SOURCE INFORMATION:
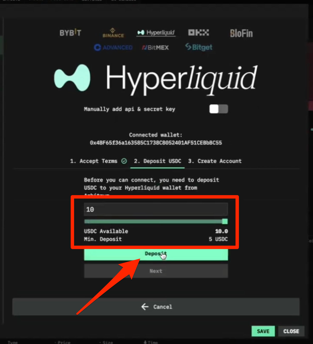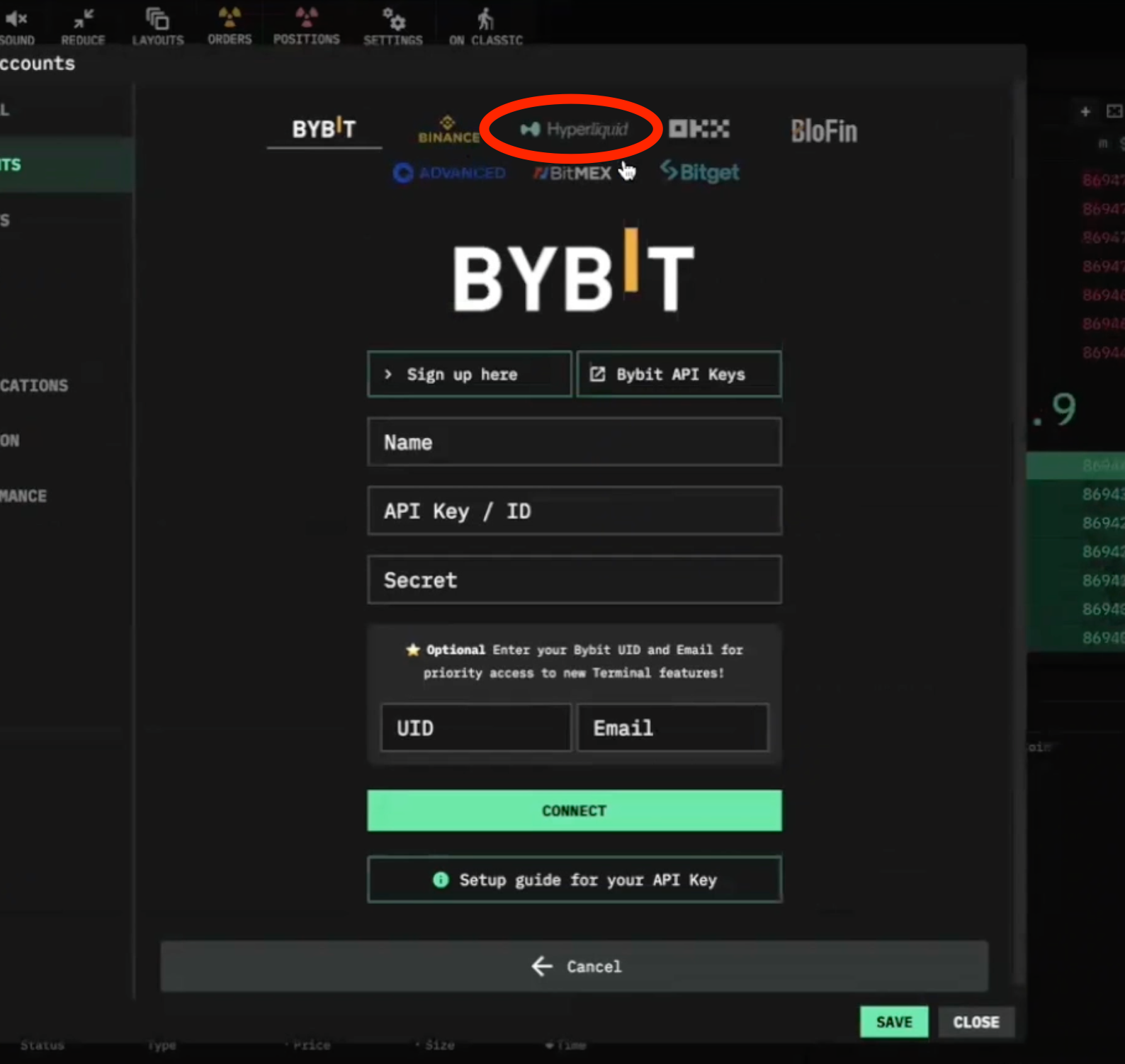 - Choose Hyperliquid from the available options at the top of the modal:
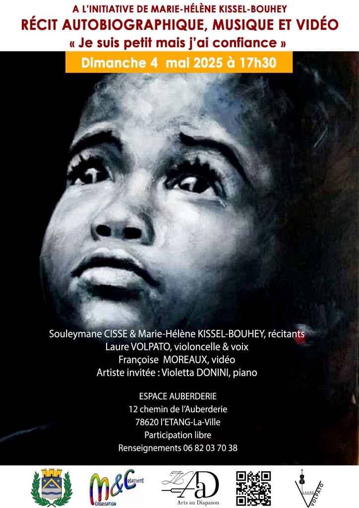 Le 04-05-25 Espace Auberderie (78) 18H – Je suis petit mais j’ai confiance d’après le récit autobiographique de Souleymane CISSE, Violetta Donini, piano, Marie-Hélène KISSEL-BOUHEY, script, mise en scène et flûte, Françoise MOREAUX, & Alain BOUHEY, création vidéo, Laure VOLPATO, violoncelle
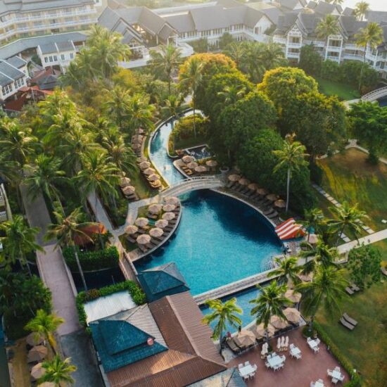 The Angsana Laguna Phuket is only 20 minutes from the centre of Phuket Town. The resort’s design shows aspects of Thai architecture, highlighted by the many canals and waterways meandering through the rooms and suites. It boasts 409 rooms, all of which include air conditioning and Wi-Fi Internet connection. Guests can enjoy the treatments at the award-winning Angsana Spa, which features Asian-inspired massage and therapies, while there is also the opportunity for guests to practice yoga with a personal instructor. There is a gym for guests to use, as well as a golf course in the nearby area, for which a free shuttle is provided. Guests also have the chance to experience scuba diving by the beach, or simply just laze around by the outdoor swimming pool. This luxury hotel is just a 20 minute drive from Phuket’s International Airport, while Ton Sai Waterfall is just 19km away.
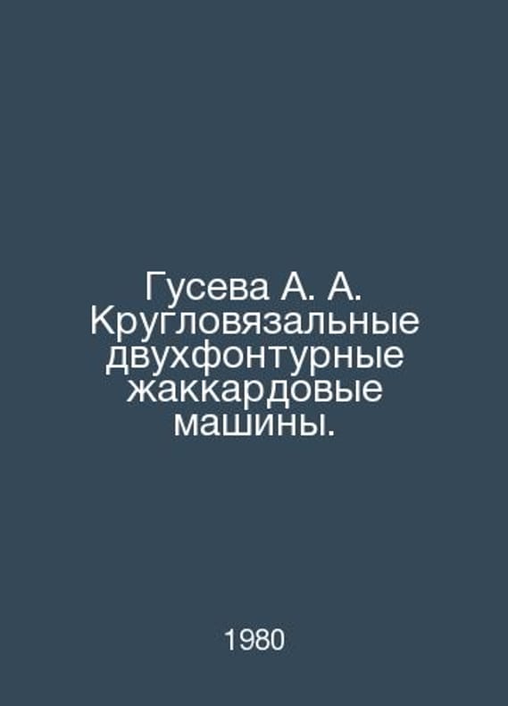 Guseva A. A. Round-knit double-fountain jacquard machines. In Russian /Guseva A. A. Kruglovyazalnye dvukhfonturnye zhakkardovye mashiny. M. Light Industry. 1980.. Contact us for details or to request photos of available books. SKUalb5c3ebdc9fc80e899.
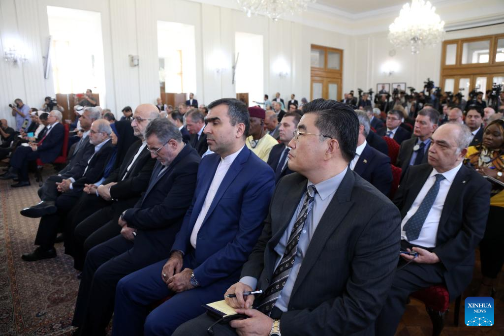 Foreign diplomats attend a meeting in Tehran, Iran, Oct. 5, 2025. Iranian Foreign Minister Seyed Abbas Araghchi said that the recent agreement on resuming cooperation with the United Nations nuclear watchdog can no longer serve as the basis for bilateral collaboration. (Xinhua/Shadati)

INSTRUCTIONS TO FOLLOW: What is needed is a word-for-word repeat of every line from the line with "The Angsana Laguna" to the end of the entries above; leave out the pictures.

ANSWER BELOW:
 The Angsana Laguna Phuket is only 20 minutes from the centre of Phuket Town. The resort’s design shows aspects of Thai architecture, highlighted by the many canals and waterways meandering through the rooms and suites. It boasts 409 rooms, all of which include air conditioning and Wi-Fi Internet connection. Guests can enjoy the treatments at the award-winning Angsana Spa, which features Asian-inspired massage and therapies, while there is also the opportunity for guests to practice yoga with a personal instructor. There is a gym for guests to use, as well as a golf course in the nearby area, for which a free shuttle is provided. Guests also have the chance to experience scuba diving by the beach, or simply just laze around by the outdoor swimming pool. This luxury hotel is just a 20 minute drive from Phuket’s International Airport, while Ton Sai Waterfall is just 19km away.
 Guseva A. A. Round-knit double-fountain jacquard machines. In Russian /Guseva A. A. Kruglovyazalnye dvukhfonturnye zhakkardovye mashiny. M. Light Industry. 1980.. Contact us for details or to request photos of available books. SKUalb5c3ebdc9fc80e899.
 Foreign diplomats attend a meeting in Tehran, Iran, Oct. 5, 2025. Iranian Foreign Minister Seyed Abbas Araghchi said that the recent agreement on resuming cooperation with the United Nations nuclear watchdog can no longer serve as the basis for bilateral collaboration. (Xinhua/Shadati)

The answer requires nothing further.